純粋な「英語教育」って何のこと? 複合的な言語能力観



英語教育の人と話していて、議論が日本語のことになると「それは日本語教育・国語教育の話でしょ。私たちは『英語』を教えているんだから」とそれ以上の議論を拒まれることがしばしばあります。そういった方々の頭の中にはひょっとしたら「純粋な英語教育」などというものがあるのかもしれません。思考力や世界に関する非言語的知識が入ってきても、英語教育関係者の多くは「そうなると『英語』の教育・試験じゃなくなりますよね」と言います。

でも「純粋な英語」なんてまったくの人工的な想像体です。日英バイリンガルでは両言語使用において脳血流の様子が異なるといった粗い論はさておき、日本語を第一言語として成長した者が第二言語使用の様々な側面において日本語の影響を払拭できないことは最近の様々な実証研究が明らかにしていることでしょうし、SLAにおける"Bilingual turn" (Ortega)が訴えていることでもあるでしょう。

私たちの「英語」には「日本語」が侵入しています。そして虚心坦懐に私たちの身の回りのカタカナとアルファベットを見直せば、私たちの「日本語」にも既にかなりの「英語」が侵入していることは自明でしょう。私たちの英語は日本語に汚染され、日本語は英語に汚染されています。純粋な英語も純粋な日本語もありません。(そもそも「英語」も「日本語」も政治的に構築され制度的に維持された想像体です)


それなのに日本語の影響からも、思考力や世界に関する非言語的知識の影響からも(奇跡的に)逃れている純粋な「英語」に固執し、そういった「英語力」を育み測定することこそが自らの使命と考える英語教育研究者の方々の思考というのが私にはよくわかりません。


ひょっとしたら学習指導要領の「英語」 ―他教科と区分されて規定されている「英語」― を思考の基盤としているのでしょうか。

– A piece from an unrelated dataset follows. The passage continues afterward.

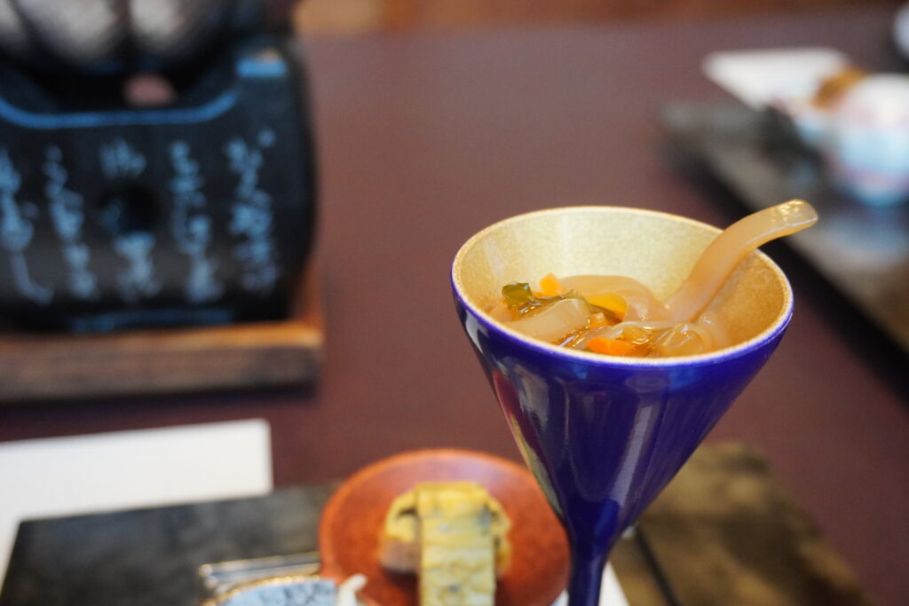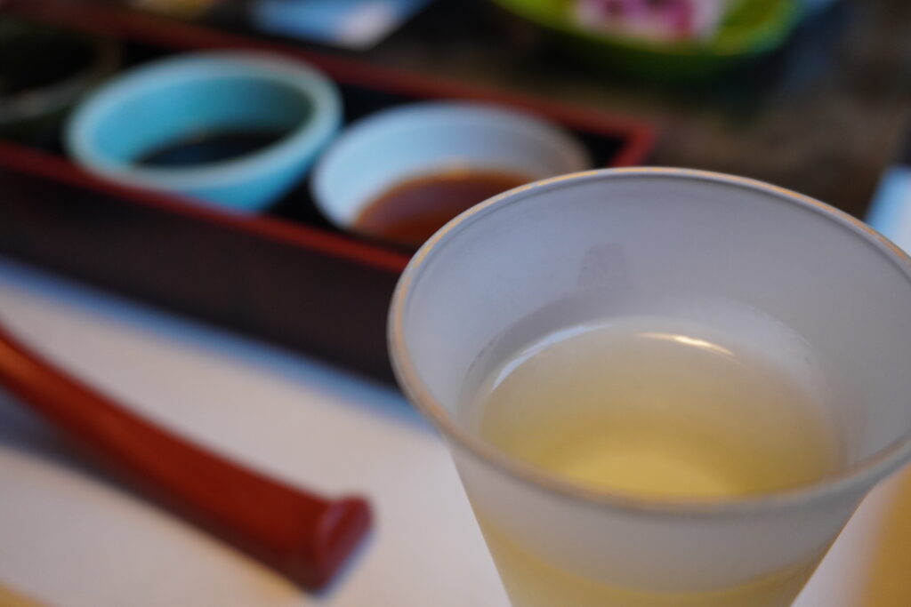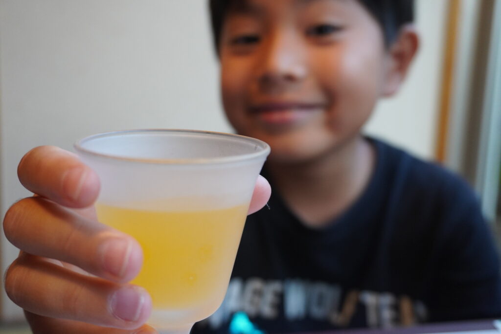 季の座の夕食では大人だけ食前酒があるのではなく、同じ容器で子どもにはジュースが用意されていました!

現行の指導要領の枠組みでしか物事を考えない人は英語教育界には結構いますが、私はどうもそうした思考法に共感できません。

「はじめに学習指導要領あり、学習指導要領は神とともにあり、学習指導要領は神なりき。万物はこれに由りて成り、成りたる物に一つとしてこれによらで成りたるはなし」

これはは大学人・研究者の思考法ではないでしょう。



「いや指導要領は関係ない。私が言いたいのは『英語』は『英語』だということだけだ」とおっしゃる方もいるかもしれません。しかし"English"でなく「英語」という言葉を使っている時点で、私たちは日本の歴史的文脈の中に絡め取られています。「英語教育」も、例えば米国や英国で語られる"Teaching English to Speakers of Other Languages" (Otherという表現に注意!)とニュアンスを異にします。ひょっとしたら海外留学経験が長い方などは、幕末以来の日本の英語教育の歴史文化を忘れ、英米などでのTESOL文化に適応することに熱心なのでしょうか。いずれにせよ私が「英語教育」を語るとき、日本語・日本文化(さらには思考力や非言語的側面)は欠かすことのできない要因です。それらを捨象した純粋な「英語教育」なんて科学的でもなければ、常識的でもない、非現実的で非生産的な想定に過ぎないと思っています。

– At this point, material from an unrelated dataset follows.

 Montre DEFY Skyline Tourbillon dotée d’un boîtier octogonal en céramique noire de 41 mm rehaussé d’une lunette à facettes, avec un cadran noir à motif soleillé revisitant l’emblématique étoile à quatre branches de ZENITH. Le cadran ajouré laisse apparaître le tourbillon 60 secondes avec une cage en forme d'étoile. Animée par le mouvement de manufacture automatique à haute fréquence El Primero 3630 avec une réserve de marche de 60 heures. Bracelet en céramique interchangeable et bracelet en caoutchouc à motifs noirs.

私たちの言語能力を、第一言語能力に第二言語能力を付け足したものと単純に捉えるべきでないでしょう。さらには「両者には共通基盤がある」という以上に、私たちの言語能力には複数の言語が分け離すことができない形で複合していると考えるべきなのではないでしょうか。

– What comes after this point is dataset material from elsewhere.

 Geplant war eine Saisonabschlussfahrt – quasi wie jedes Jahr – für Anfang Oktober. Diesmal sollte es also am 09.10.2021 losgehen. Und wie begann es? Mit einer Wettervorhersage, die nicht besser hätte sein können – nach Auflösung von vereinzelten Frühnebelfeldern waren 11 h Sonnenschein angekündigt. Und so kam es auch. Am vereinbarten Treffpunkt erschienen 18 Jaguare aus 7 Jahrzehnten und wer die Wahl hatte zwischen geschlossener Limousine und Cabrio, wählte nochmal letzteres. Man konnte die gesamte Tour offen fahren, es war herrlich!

Common European Framework of Reference for Languages: Learning, Teaching, Assessment (CEFR)は言語能力について次のように述べています(強調は柳瀬)。


Plurilingual and pluricultural competence refers to the ability to use languages for the purposes of communication and to take part in intercultural interaction, where a person, viewed as a social agent has proficiency, of varying degrees, in several languages and experience of several cultures. This is not seen as the superposition or juxtaposition of distinct competences, but rather as the existence of a complex or even composite competence on which the user may draw. (Council of Europe 2001, p. 168)

複合的言語文化能力が意味するのは、複数の言語をさまざまな度合いで使いこなすことができ、複数の文化での経験をもつそれぞれの人間が、それぞれに社会的主体として、コミュニケーションの目的に応じて複数の言語を使い分け、複数の文化が混在する状況でのやりとりに参加することができることである。この能力は、それぞれに独立した別々の言語能力を積み木のように縦横に並べたものと考えてはならない。複合的言語文化能力は、一つの複合的な能力で、元々は複数の要素からできたのかもしれないがもはや分離することができない一つの化合物ともいえる能力であり、この能力を人は状況に応じて使いこなすのである。(拙訳)



追記(2010/09/02)

"Plurilingual and pluricultural competence"を私は機械的に訳して「複言語主義的能力・複文化主義的能力」としていましたが、これは「複合的言語文化能力」とするべきでしょう。上の翻訳も変更しました。ついでに「積み木のように」という語も今日加えました。



水が2個の水素原子と1個の酸素原子からなるとしても、化合物としての水は水素とも酸素とも異なる性質を持ちます。同じように私たちの言語能力が例えば日本語力と英語力から成り立っているとしても、化合物としての言語能力はモノリンガルの英語力ともモノリンガルの日本語力とも異なる複合的な性質をもっているというべきでしょう。

私は日本語などのことを考えずに英語教育のことを考えられません。言語能力における複数の言語の複合性について私たちはもっと考えるべきではないでしょうか。


追記
上では、一つ言語の中の複数性については書けませんでした。やはりブログといった中途半端な文章を書かずに、きちんと論文を書かなければ。反省。